Instructions to follow -
Beneath this line sits some data. Return only its lines from the one holding "Компактный и многофункциональный" through the one holding "Met de hanglamp", inclusive, exactly, with the images removed.

Material to process -
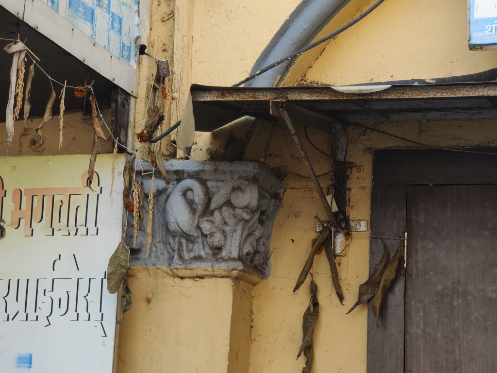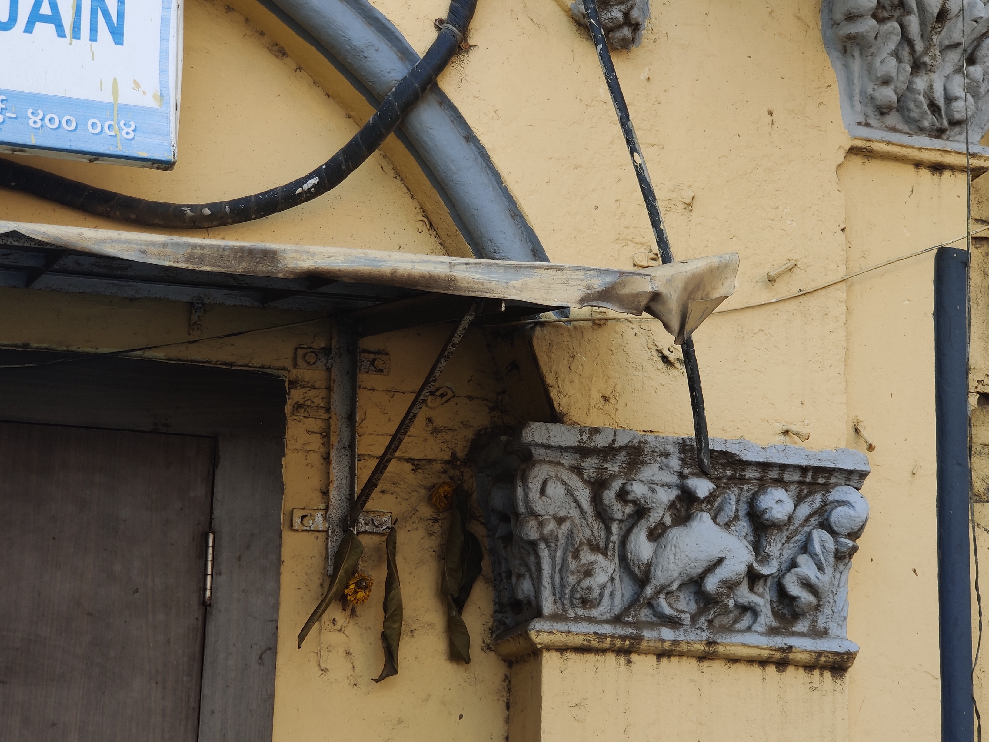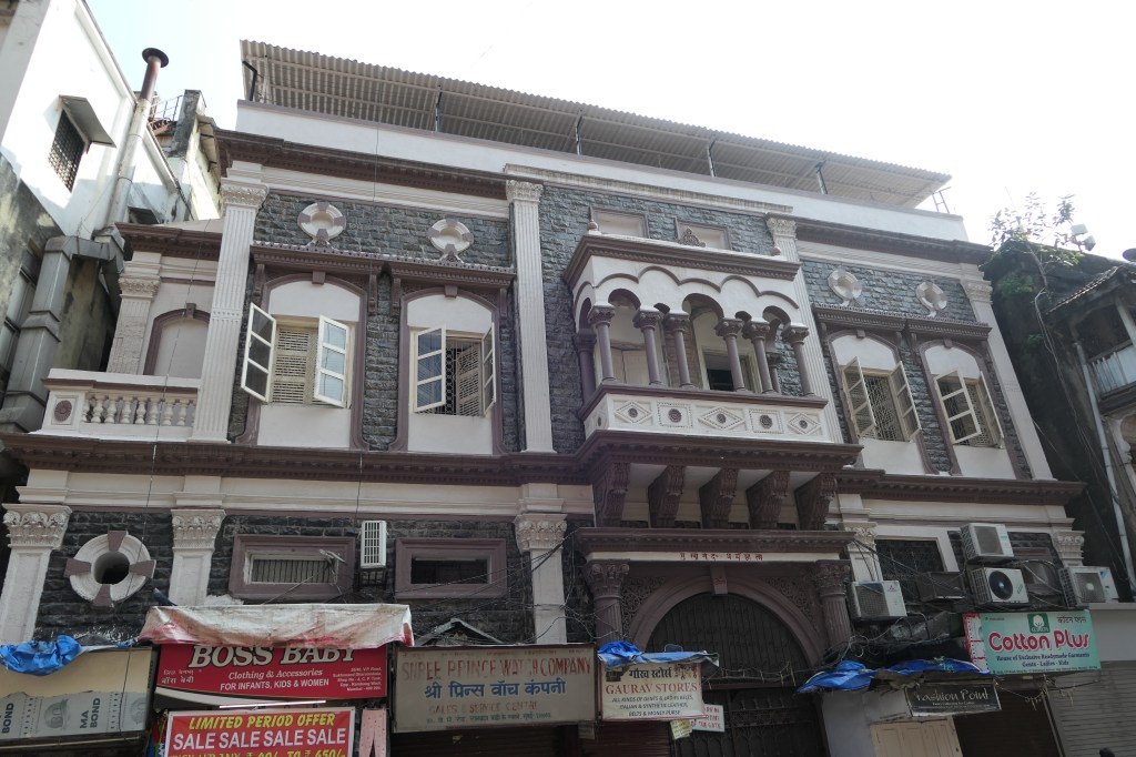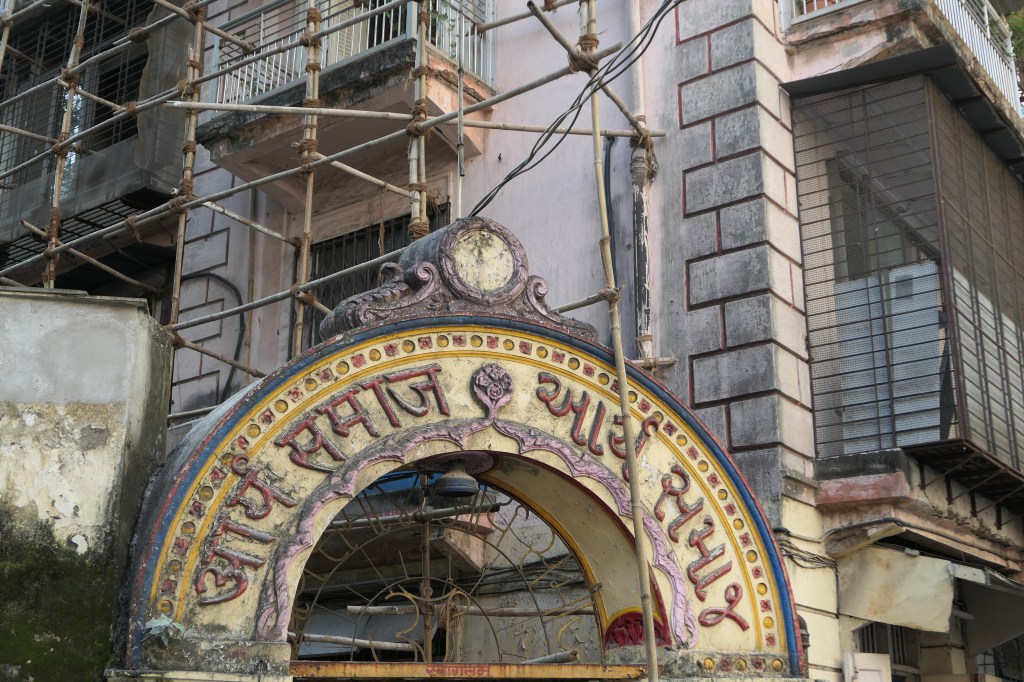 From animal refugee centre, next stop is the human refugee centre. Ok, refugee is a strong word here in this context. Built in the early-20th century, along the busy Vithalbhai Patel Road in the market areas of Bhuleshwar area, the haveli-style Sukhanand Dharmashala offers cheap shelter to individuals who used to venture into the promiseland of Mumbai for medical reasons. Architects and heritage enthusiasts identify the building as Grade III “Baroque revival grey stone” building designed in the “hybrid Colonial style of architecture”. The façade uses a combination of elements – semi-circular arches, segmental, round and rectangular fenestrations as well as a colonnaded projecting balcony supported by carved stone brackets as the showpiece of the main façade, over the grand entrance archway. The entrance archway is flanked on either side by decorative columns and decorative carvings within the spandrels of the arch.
* * *
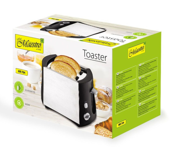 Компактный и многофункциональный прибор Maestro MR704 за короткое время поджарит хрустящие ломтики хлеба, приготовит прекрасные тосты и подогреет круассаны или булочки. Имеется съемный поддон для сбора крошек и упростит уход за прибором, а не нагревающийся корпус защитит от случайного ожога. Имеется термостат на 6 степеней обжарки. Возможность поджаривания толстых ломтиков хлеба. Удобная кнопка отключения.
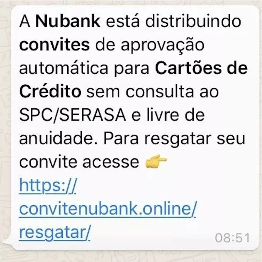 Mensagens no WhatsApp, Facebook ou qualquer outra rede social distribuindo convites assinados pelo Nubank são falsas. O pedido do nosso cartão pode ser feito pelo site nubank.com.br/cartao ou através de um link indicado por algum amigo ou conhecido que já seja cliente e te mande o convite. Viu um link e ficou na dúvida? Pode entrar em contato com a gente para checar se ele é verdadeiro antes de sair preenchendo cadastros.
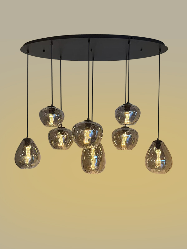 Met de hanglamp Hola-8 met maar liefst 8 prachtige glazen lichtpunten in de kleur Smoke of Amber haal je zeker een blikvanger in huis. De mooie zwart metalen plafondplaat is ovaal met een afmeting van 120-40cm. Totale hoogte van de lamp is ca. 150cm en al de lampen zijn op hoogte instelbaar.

Solution for this problem -
 Компактный и многофункциональный прибор Maestro MR704 за короткое время поджарит хрустящие ломтики хлеба, приготовит прекрасные тосты и подогреет круассаны или булочки. Имеется съемный поддон для сбора крошек и упростит уход за прибором, а не нагревающийся корпус защитит от случайного ожога. Имеется термостат на 6 степеней обжарки. Возможность поджаривания толстых ломтиков хлеба. Удобная кнопка отключения.
 Mensagens no WhatsApp, Facebook ou qualquer outra rede social distribuindo convites assinados pelo Nubank são falsas. O pedido do nosso cartão pode ser feito pelo site nubank.com.br/cartao ou através de um link indicado por algum amigo ou conhecido que já seja cliente e te mande o convite. Viu um link e ficou na dúvida? Pode entrar em contato com a gente para checar se ele é verdadeiro antes de sair preenchendo cadastros.
 Met de hanglamp Hola-8 met maar liefst 8 prachtige glazen lichtpunten in de kleur Smoke of Amber haal je zeker een blikvanger in huis. De mooie zwart metalen plafondplaat is ovaal met een afmeting van 120-40cm. Totale hoogte van de lamp is ca. 150cm en al de lampen zijn op hoogte instelbaar.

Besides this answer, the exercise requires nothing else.